STORED DATA -
%%
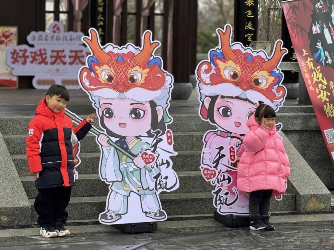 安庆园内,与精彩演出一起到来的,还有省黄梅戏剧院原创黄梅戏IP形象——黄梅Q宝贝,Q宝贝们可爱的脸庞收获了一大批观众朋友的喜爱,其中不乏活泼可爱的小朋友们,他们兴奋的与Q宝贝合影:“这是七仙女和董永,他们我都认识!”
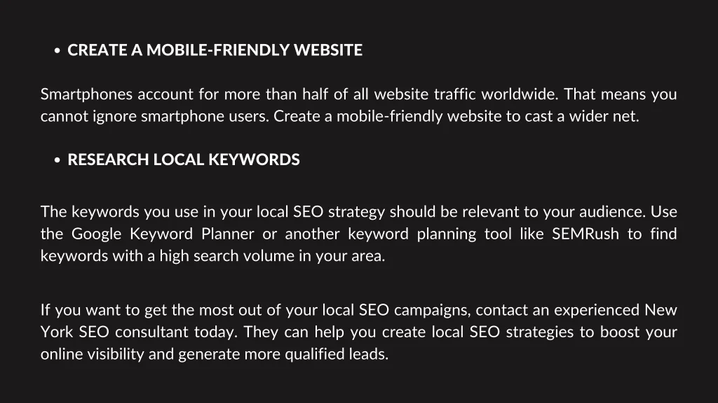 CREATE A MOBILE-FRIENDLY WEBSITE Smartphones account for more than half of all website traffic worldwide. That means you cannot ignore smartphone users. Create a mobile-friendly website to cast a wider net. RESEARCH LOCAL KEYWORDS The keywords you use in your local SEO strategy should be relevant to your audience. Use the Google Keyword Planner or another keyword planning tool like SEMRush to find keywords with a high search volume in your area. If you want to get the most out of your local SEO campaigns, contact an experienced New York SEO consultant today. They can help you create local SEO strategies to boost your online visibility and generate more qualified leads.
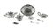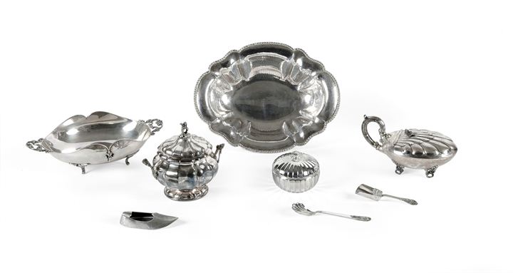 una formaggiera con cucchiaino; due zuccheriere di cui una con cucchiaino; un'alzata con piedini; un portacenere a forma di scarpa ed un centrotavola battuto a mano
%%
WORK INSTRUCTION - The listing above must be repeated exactly, apart from the pictures.

SOLUTION TO THE PROBLEM -
 安庆园内,与精彩演出一起到来的,还有省黄梅戏剧院原创黄梅戏IP形象——黄梅Q宝贝,Q宝贝们可爱的脸庞收获了一大批观众朋友的喜爱,其中不乏活泼可爱的小朋友们,他们兴奋的与Q宝贝合影:“这是七仙女和董永,他们我都认识!”
 CREATE A MOBILE-FRIENDLY WEBSITE Smartphones account for more than half of all website traffic worldwide. That means you cannot ignore smartphone users. Create a mobile-friendly website to cast a wider net. RESEARCH LOCAL KEYWORDS The keywords you use in your local SEO strategy should be relevant to your audience. Use the Google Keyword Planner or another keyword planning tool like SEMRush to find keywords with a high search volume in your area. If you want to get the most out of your local SEO campaigns, contact an experienced New York SEO consultant today. They can help you create local SEO strategies to boost your online visibility and generate more qualified leads.
 una formaggiera con cucchiaino; due zuccheriere di cui una con cucchiaino; un'alzata con piedini; un portacenere a forma di scarpa ed un centrotavola battuto a mano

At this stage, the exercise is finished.